Additionally, the product's defectiveness shall be presumed when the claimant demonstrates that the product does not comply with mandatory product safety requirements laid down in Union or national law intended to protect against the risk of the damage suffered by the injured person.
AICare@EU (Deployment of AI in Healthcare)
Despite significant progress in the research and development of AI/Machine Learning (ML)-enabled medical devices, their market presence remains relatively limited, and the integration of AI into clinical practice is progressing slowly. The AI Act, EHDS, and PLD aim to foster AI research, development, and deployment in healthcare. However, several challenges must still be addressed to ensure the effective and efficient implementation of AI tools and to scale up their equitable and fair adoption in clinical practice.
To tackle these challenges, DG Health and Food Safety is advancing several interconnected initiatives under the framework of AICare@EU. This initiative builds on the foundation provided by the above legislative frameworks and focuses on addressing key barriers to deploying AI in healthcare, particularly in clinical practice.

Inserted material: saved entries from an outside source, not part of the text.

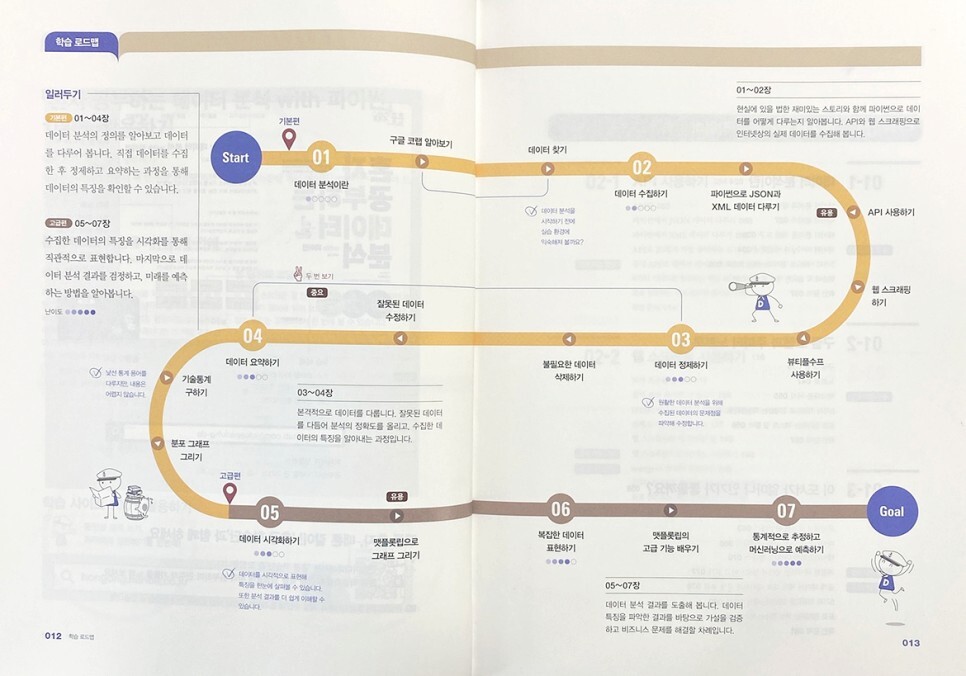 전체 학습 로드맵을 보면 데이터 분석을 위한 수집, 정제, 요약 과정을 거쳐 시각화하는 방법을 배우게 됩니다.
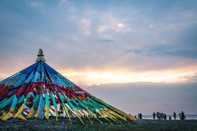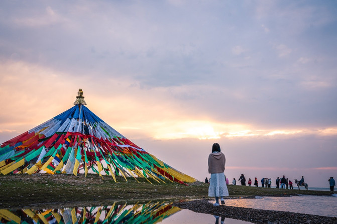 想要看 青海湖 的日出,就可以住在黑马河,这里是整个湖上最佳的日出拍摄点,白色的牦牛,漂亮的经幡,还有你想要的各种前景。
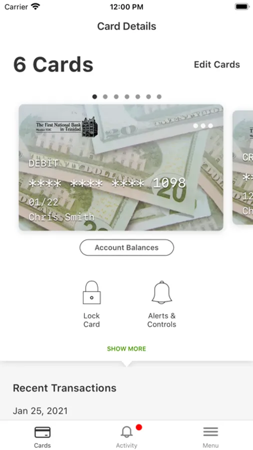 Protect your finances with this free app for The First National Bank in Trinidad debit cardholders. Use this app in addition to iBank Mobile Banking app to get the most benefit from your account.

AICare@EU encompasses a series of coordinated efforts, including:
- study on AI deployment in Healthcare: This initiative by DG Health and Food Safety aims to investigate the challenges and enablers of deploying AI in clinical practice. The identified challenges are categorised into four key areas: technological and data-related challenges, legal and regulatory barriers, organisational and business obstacles, and social and cultural factors.
- EU4Health (WP2024) Call for Proposals on Advancing AI Adoption in Health: This call, closing in January 2025, aims to accelerate the safe and effective deployment of AI systems in clinical settings, contributing to the broader integration of AI in healthcare.
- AI and Health Data Access Bodies – SHAIPED project (funded from DEP): Starting in March 2025 it pilots the development, validation and deployment of AI models and tools using the HealthData@EU infrastructure of the EHDS.
- exploring AI key priorities in line with the New Commission's Political Guidelines 2024-2029:
- apply AI strategy: Strategy to boost new industrial uses of AI and to improve the delivery of a variety of public services, such as healthcare. The Biotech Initiative includes developing a Biotech Act which explores pathways to accelerate the development and deployment of AI and digital solutions in the biotech sector, leveraging health data securely and responsibly under the European Health Data Space (EHDS).
- preventing cardiovascular diseases: Focus is placed on the prevention, diagnosis, treatment, and rehabilitation of cardiovascular diseases (CVDs) as a priority area.
- International collaborations on AI in healthcare:
- DG Health and Food Safety collaborates with WHO Europe to support the development and adoption of AI solutions to improve health outcomes across the WHO European Region.
- DG Health and Food Safety works closely with the OECD to advance the scaling up of AI in healthcare, focusing on practical implementation and policy alignment.
- The European Commission (DG Health and Food Safety) engages with G7 and G20 partners on various AI workstreams in healthcare.